## Exercise brief
Reproduce each line of the following material exactly, omitting the images.

## Information provided
◆ ◆ ◆ ◆ ◆

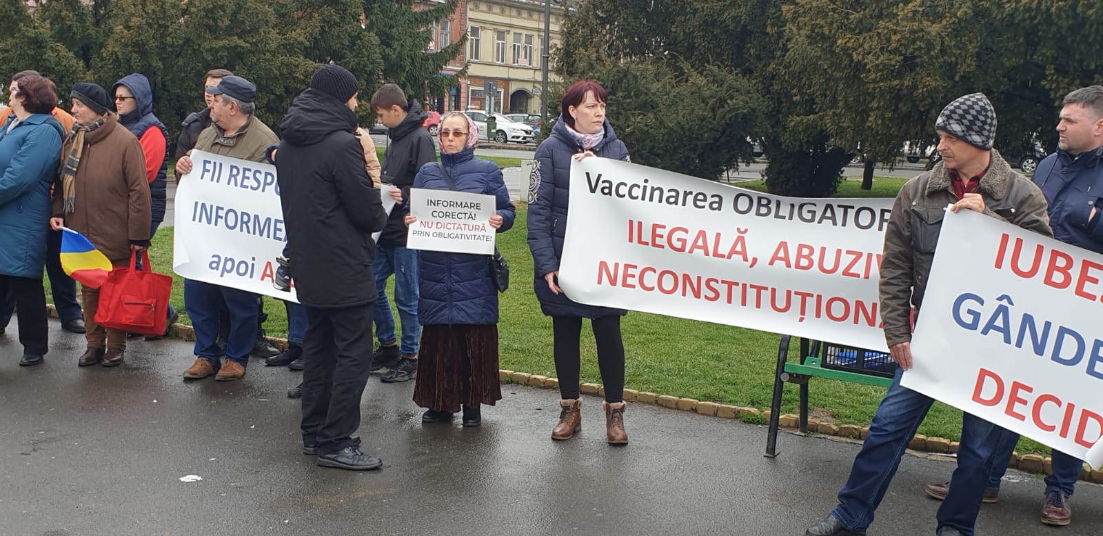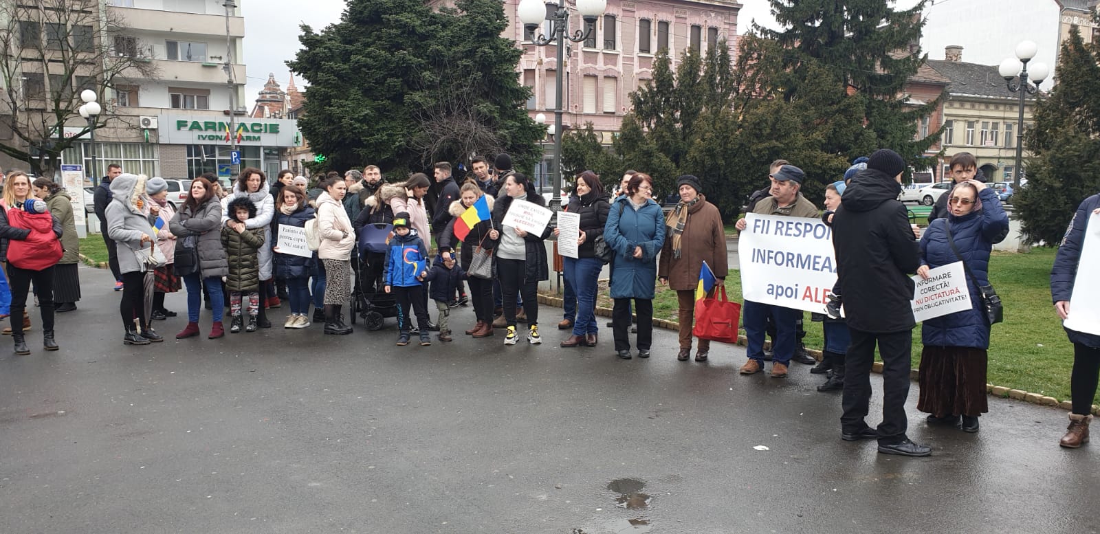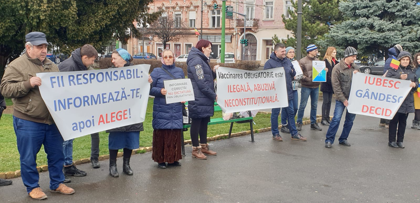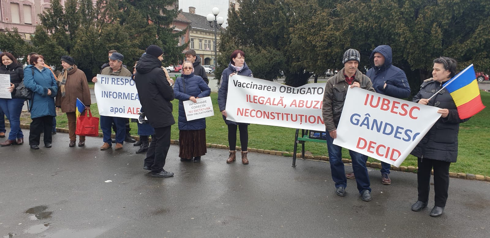 „Dacă există risc, există și dreptul de a alege” – scria pe una dintre pancartele purtată de o fetiță. Cu pancarte cu mesaje împotriva vaccinării sau a obligativității vaccinării și cu tricolorul românesc în mâini, oamenii s-au organizat pe o rețea de socializare, și s-au adunat în Piața Avram Iancu din centrul Aradului, nemulțumiți de faptul că, spun ei, vor fi obligați prin lege ca să-și vaccineze copii.
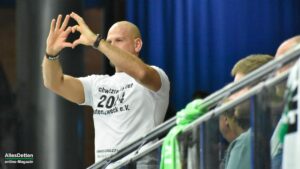 Das ging dann auch im zweiten Durchgang so weiter, der hohe TVE Sieg war nie gefährdet. Die Krönung in der Causa Robin Jansen gab es dann in der 49. Spielminute: Jansen verteidigte weit weg vor dem eigenen Tor, erwischte bei einer Abwehraktion seinen Gegenspieler wohl etwas unglücklich im Gesicht und sah dafür seine dritte Zeitstarfe. Das bedeutete die rote Karte für unseren Niederländer. Ein Platzverweis, den hier am Samstagabend niemand brauchte. Regeltechnisch eine korrekte Hinausstellung, für die Zuschauer in der Halle aber natürlich kaum nachvollziehbar. Dass die Schiedsrichter insgesamt keinen sicheren Eindruck machten und auch die Zeitnehmer mehrfach eingriffen und das Spiel unterbrachen, trug sicherlich zum Unverständnis der Zuschauer bei.
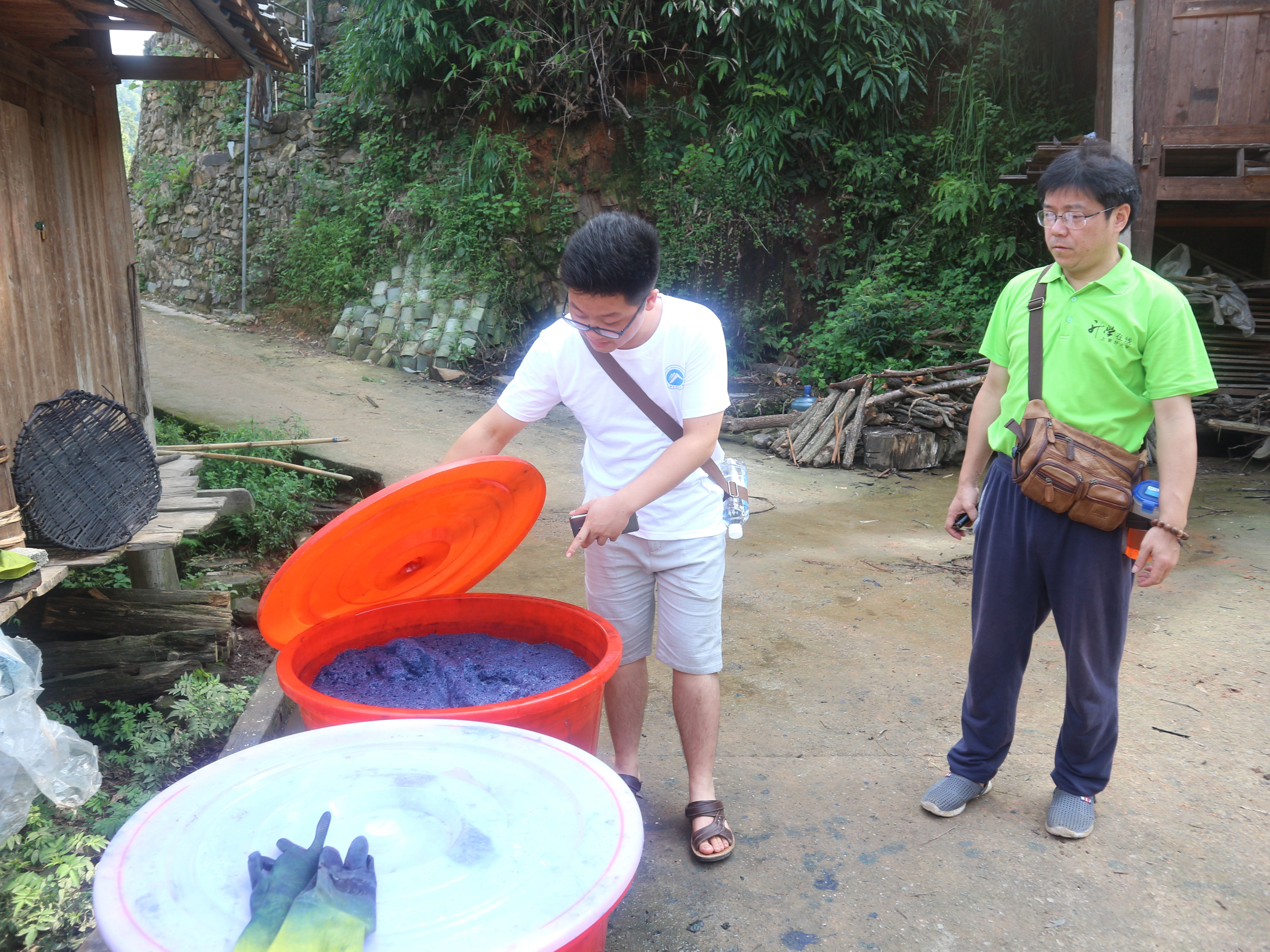 (图为乐鱼网页版在线登录研究生暑期科技服务团成员在仔细观察靛蓝染缸)

◆ ◆ ◆ ◆ ◆

## Response area
 „Dacă există risc, există și dreptul de a alege” – scria pe una dintre pancartele purtată de o fetiță. Cu pancarte cu mesaje împotriva vaccinării sau a obligativității vaccinării și cu tricolorul românesc în mâini, oamenii s-au organizat pe o rețea de socializare, și s-au adunat în Piața Avram Iancu din centrul Aradului, nemulțumiți de faptul că, spun ei, vor fi obligați prin lege ca să-și vaccineze copii.
 Das ging dann auch im zweiten Durchgang so weiter, der hohe TVE Sieg war nie gefährdet. Die Krönung in der Causa Robin Jansen gab es dann in der 49. Spielminute: Jansen verteidigte weit weg vor dem eigenen Tor, erwischte bei einer Abwehraktion seinen Gegenspieler wohl etwas unglücklich im Gesicht und sah dafür seine dritte Zeitstarfe. Das bedeutete die rote Karte für unseren Niederländer. Ein Platzverweis, den hier am Samstagabend niemand brauchte. Regeltechnisch eine korrekte Hinausstellung, für die Zuschauer in der Halle aber natürlich kaum nachvollziehbar. Dass die Schiedsrichter insgesamt keinen sicheren Eindruck machten und auch die Zeitnehmer mehrfach eingriffen und das Spiel unterbrachen, trug sicherlich zum Unverständnis der Zuschauer bei.
 (图为乐鱼网页版在线登录研究生暑期科技服务团成员在仔细观察靛蓝染缸)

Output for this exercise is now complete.